LA CAPITALE EST EN RÉVOLTE



PARIS, 1851


Le 2 décembre 1851, le missionnaire Curtis Bolton, qui a une chambre chez une famille de convertis, les Squires, est chez lui occupé avec Louis Bertrand, un converti baptisé un an plus tôt, à la correction de la traduction du Livre de Mormon. C'est alors que le boulanger des Squires entre dans la pièce en annonçant que le peuple de Paris dresse des barricades. La capitale est en révolte. Louis Bertrand devient pâle et tremble. C'est que le boulanger apporte de mauvaises nouvelles : Louis Bonaparte a pénétré dans l'Assemblée Nationale, chassant les parlementaires et a pris possession de l'édifice. De nombreux députés sont arrêtés et jetés en prison. D'autres ont pu s'assembler ailleurs, décrétant le prince-président hors-la-loi ; cela signifie que n'importe qui a le droit de le tuer.

Frère Bolton sort dans la rue et voit une affiche placardée au mur. C'est une proclamation de Louis Bonaparte qui appelle la nation entière au suffrage universel pour se prononcer sur les décisions prises. En bon Américain habitué à régler ce genre de question par un vote du peuple, Bolton ne voit dans la situation aucune raison pour susciter une insurrection. Cependant, l'armée fait mouvement et se répand dans Paris.

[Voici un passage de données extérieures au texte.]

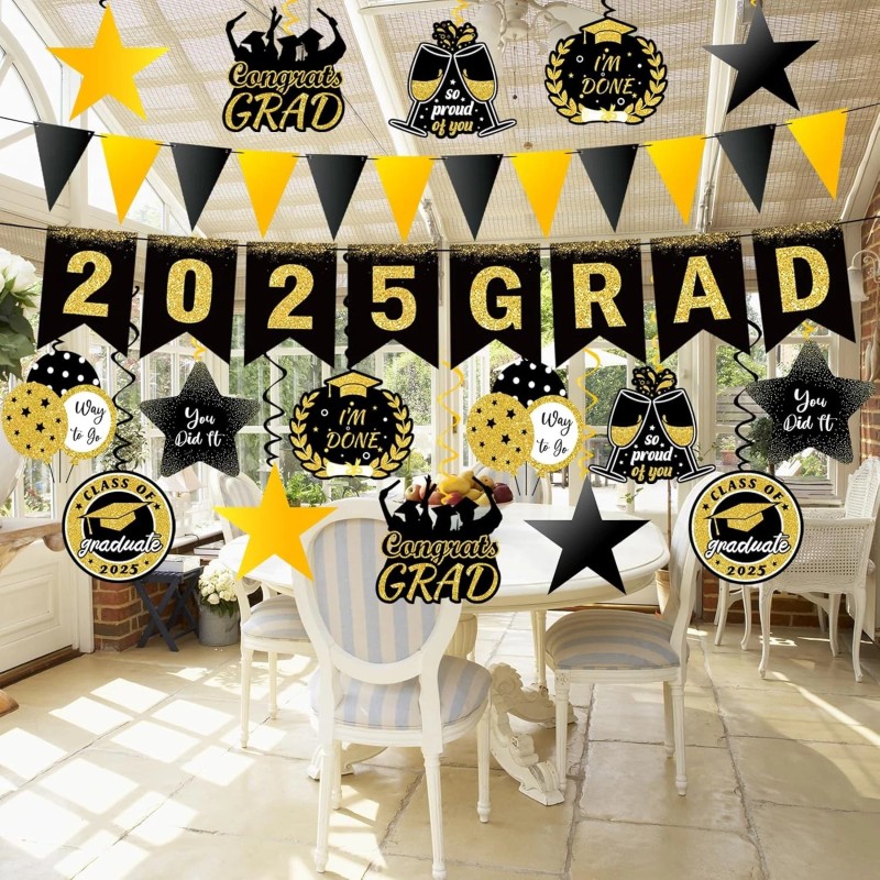 - GRADUATION DECORATIONS SET: Full of cute graduation patterns of grad cap, certificate, and Class of 2025, Congrats GRAD. Simple but stylish designs ideal for your son, daughter, niece, or nephew’s graduation party, or class party, let your young achiever feel how much you're proud of what he/she have attained.

Pour Louis Bertrand, il y a danger car quelques années auparavant, il était chef du parti révolutionnaire des Républicains Rouges. Rédacteur au journal communiste de Cabet, c'est un homme marqué, quoique, depuis un an, il se soit distancé des principes communistes. Ancien membre du Comité Révolutionnaire en 1848, il a été emprisonné trois mois à cause de ses opinions.

Aussi, les deux frères décident-ils de quitter Paris un jour ou deux. À 16 heures, ils s'en vont à Saint-Denis. Les rues sont pleines de gens au visage maussade et lugubre. Les combats commencent.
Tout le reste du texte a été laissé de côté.